When Owen wanted to expand its global perspective, the school turned to its alumni and corporate clients to discover what their needs were. What they found was right in their own backyard: the Western Hemisphere.
“We spoke with alumni and recognized that they have made their operations go across the Americas. We saw a need to give people a perspective of how it is to operate across North and South America,” says Juli Bennett, MBA’93, executive director of the Executive MBA and Americas MBA for Executives programs. “We responded to a business need.”
The Americas MBA is a focused, optional track in the Executive MBA program. Participants spend their first year in step with students in the traditional program. The second year, they focus more heavily on international business, working on international capstone projects and attending 10-day residential immersions at participating schools: Fundação Instituto De Administração in São Paulo; Instituto Tecnológico Autónomo de México in Mexico City; and Simon Fraser University in Vancouver, B.C. The students from those programs join the Owen students for another nine days at Vanderbilt. When the students graduate, they have a deep and relevant understanding of international trade, particularly within the four largest economies in the Americas: Brazil, Canada, Mexico and the U.S.

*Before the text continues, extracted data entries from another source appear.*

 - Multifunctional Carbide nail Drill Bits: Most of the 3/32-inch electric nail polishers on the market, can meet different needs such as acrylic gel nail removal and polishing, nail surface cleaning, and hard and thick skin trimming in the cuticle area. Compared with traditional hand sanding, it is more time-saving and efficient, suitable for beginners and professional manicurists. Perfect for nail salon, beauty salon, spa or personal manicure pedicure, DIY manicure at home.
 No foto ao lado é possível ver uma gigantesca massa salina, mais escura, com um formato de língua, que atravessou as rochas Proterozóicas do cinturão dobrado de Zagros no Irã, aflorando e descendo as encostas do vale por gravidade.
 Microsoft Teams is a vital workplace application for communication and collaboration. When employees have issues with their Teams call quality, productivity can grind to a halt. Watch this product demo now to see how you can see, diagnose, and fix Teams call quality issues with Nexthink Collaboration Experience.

“Mostly when you look at executive MBA programs, they do the same thing we used to do: take their students and their faculty and go to a different location,” Bennett says. “With this model, when you go to Simon Fraser you’re taught by the top cross-cultural experts at Simon Fraser. The four schools’ faculty are experts at things like family businesses in Mexico. They know the people who are excellent at emerging markets in Brazil. It’s not us trying to be everything to everyone. It’s leveraging the expertise of those four schools.”

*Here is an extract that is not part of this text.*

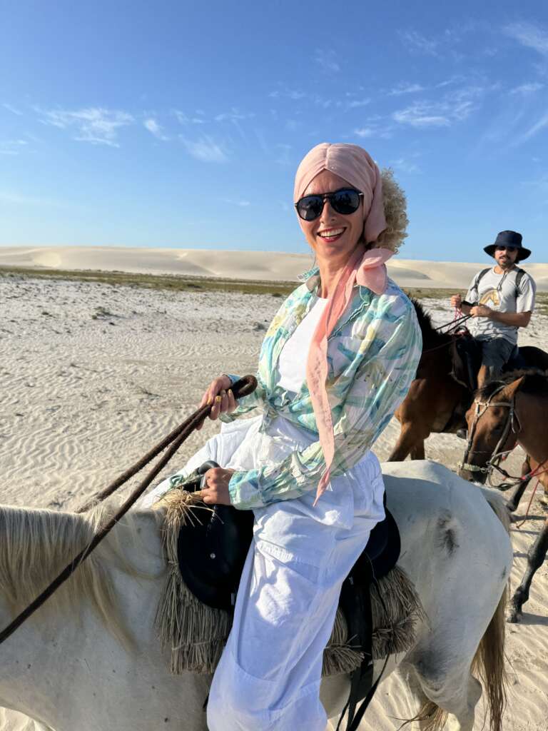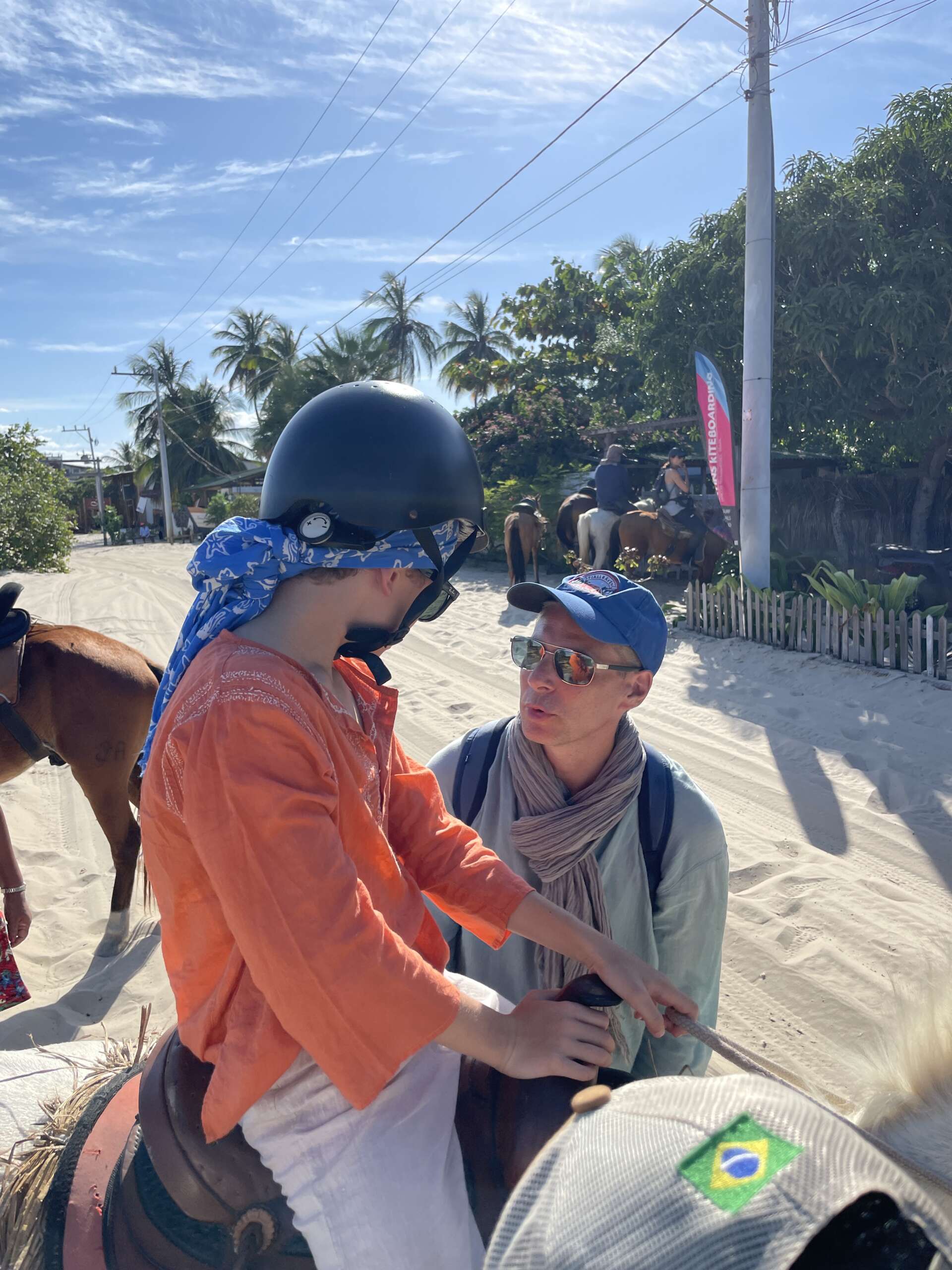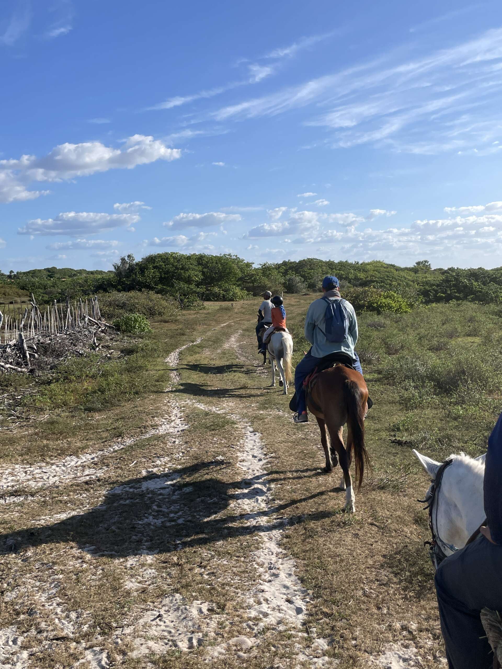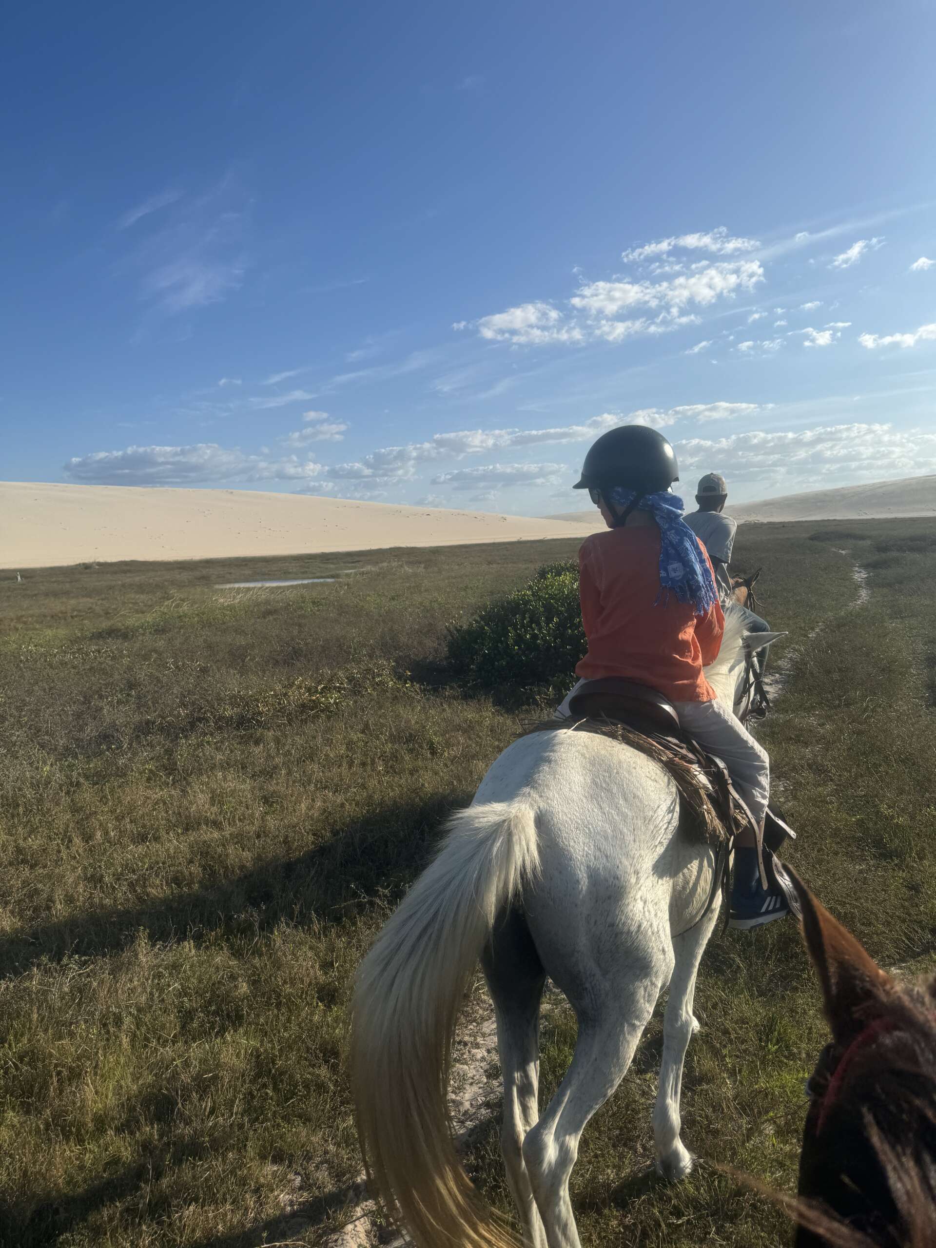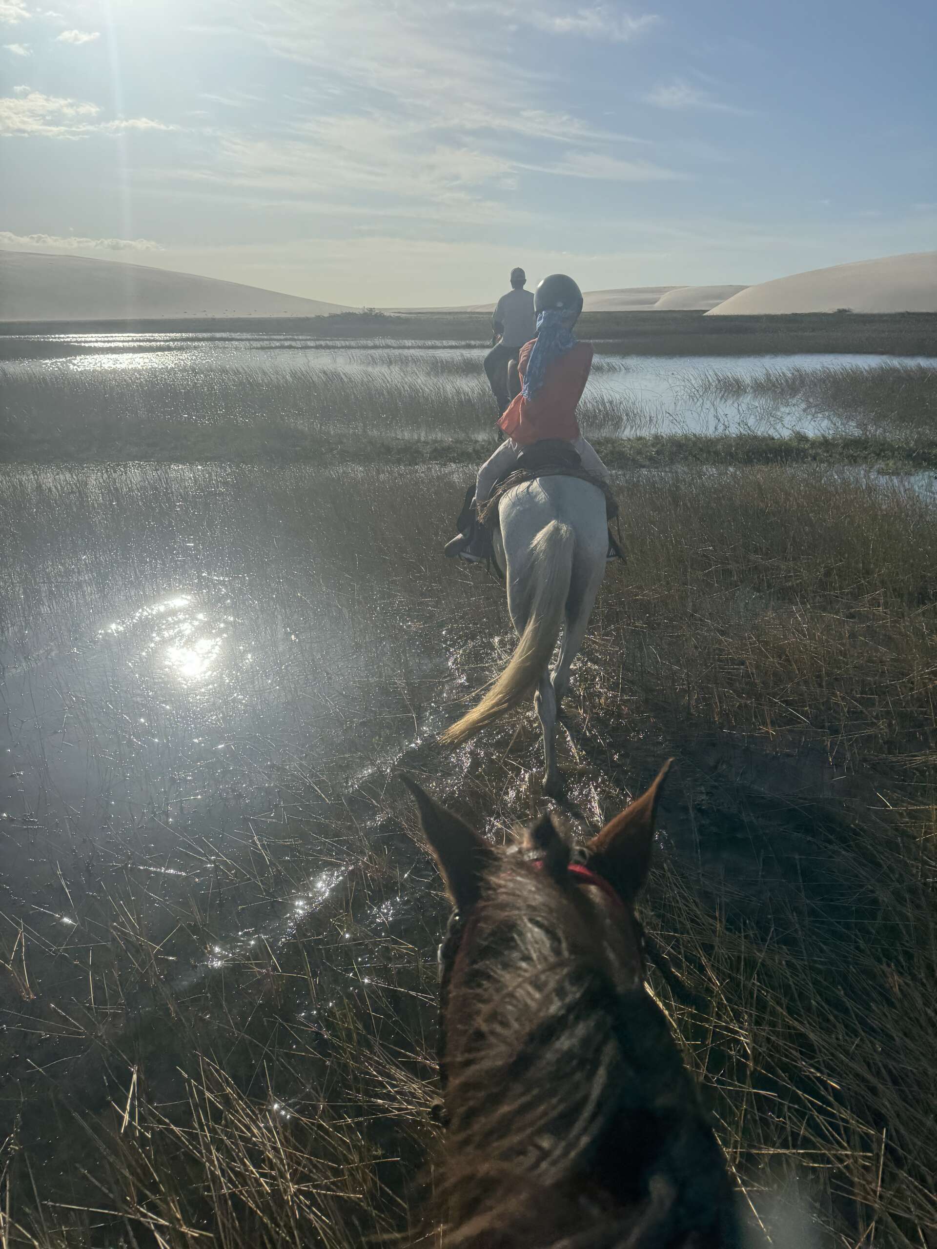 Noah monte gracieusement sur son cheval comme s’il en avait toujours fait – le privilège de l’insouciance jeunesse. Virginie un peu moins – l’inconvénient du vieux briscard qui a déjà vécu. Nous voilà donc tous les trois en plein cagnard à nous demander comment cela va se passer. Notre groupe est composé de nous, 2 guides et 2 brésiliens en vacances dont on ne connaît pas le niveau équestre.

It’s also leveraging the expertise of their peers. Working across borders with students from the other schools, Americas MBA students benefit from their peers’ insights and experiences—something that will be invaluable in their future careers.
Have Americas MBA, will travel
A dozen students graduated in 2013, comparable to those who are expected to earn their degrees in 2014. Bennett believes the ideal student is one who is “looking for an expat assignment, looking to expand ability to communicate across cultures, who has always had an interest in different ways of thinking.”

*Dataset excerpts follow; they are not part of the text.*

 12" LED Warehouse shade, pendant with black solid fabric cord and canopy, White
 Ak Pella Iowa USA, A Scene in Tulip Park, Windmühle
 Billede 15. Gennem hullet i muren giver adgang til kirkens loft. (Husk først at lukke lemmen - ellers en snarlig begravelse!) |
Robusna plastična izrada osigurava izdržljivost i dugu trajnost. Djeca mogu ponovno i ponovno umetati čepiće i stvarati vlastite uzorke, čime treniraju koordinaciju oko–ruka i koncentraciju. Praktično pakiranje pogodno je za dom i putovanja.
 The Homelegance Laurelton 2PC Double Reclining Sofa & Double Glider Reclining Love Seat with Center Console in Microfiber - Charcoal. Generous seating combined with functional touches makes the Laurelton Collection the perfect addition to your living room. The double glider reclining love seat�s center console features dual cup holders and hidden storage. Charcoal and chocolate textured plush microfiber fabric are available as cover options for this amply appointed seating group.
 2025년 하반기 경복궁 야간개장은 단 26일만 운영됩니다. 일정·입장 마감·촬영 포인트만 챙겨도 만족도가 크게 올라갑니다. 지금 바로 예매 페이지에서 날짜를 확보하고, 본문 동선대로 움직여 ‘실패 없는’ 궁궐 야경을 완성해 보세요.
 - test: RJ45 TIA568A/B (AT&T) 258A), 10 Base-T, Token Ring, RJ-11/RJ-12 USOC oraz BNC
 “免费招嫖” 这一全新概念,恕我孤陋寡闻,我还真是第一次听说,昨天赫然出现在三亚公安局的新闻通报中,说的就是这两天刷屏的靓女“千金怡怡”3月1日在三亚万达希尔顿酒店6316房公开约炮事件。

Jon Haworth, AMBA’13, was vice president, plant operations and innovation at Des-Case. His company, which manufactures contamination control products for industrial lubricants, does about a third of its business outside the United States. That led Haworth to consider gaining international experience. He consulted with Des-Case President and CEO Brian Gleason, who earned his Vanderbilt Executive MBA in 1997.
“I remember asking for his opinion on which one of the programs I should pursue and him saying I should do the Americas program,” Haworth says. “I want to do more in emerging markets. That program was perfect for that. The other side is that I’ve lived in South America and am fluent in Portuguese.”
Across time zones and cultures
Des-Case also was used as a yearlong Americas MBA capstone strategy project, which the students must complete while working with counterparts at the three other universities.
“We’ve already seen nice growth in Latin America,” Des-Case’s Gleason says. “As well as we’ve done there, we all recognized there was a tremendous upside that we’ve not come close to tapping. Jon and his group did a nice job in shaping an argument for what we ought to be doing and creating a framework by which we’ll make future decisions in other markets globally. We’ll make the same kinds of decisions for Europe and for Asia at some point.”
“They have to figure out how to work virtually…to get through the cultural and language barriers and to figure out how to get it done. ”—Juli Bennett, executive director, Executive MBA programs
The cross-cultural experience of the project teams provides excellent preparation for the future.
“They have to figure out how to work virtually, through different time zones, to get through the cultural and language barriers and to figure out how to get it done even though they’re not at a table and face to face,” Bennett says. “That is the most challenging part of the program, but if you can figure out how to do that, you will be the one targeted as a leader in these organizations.”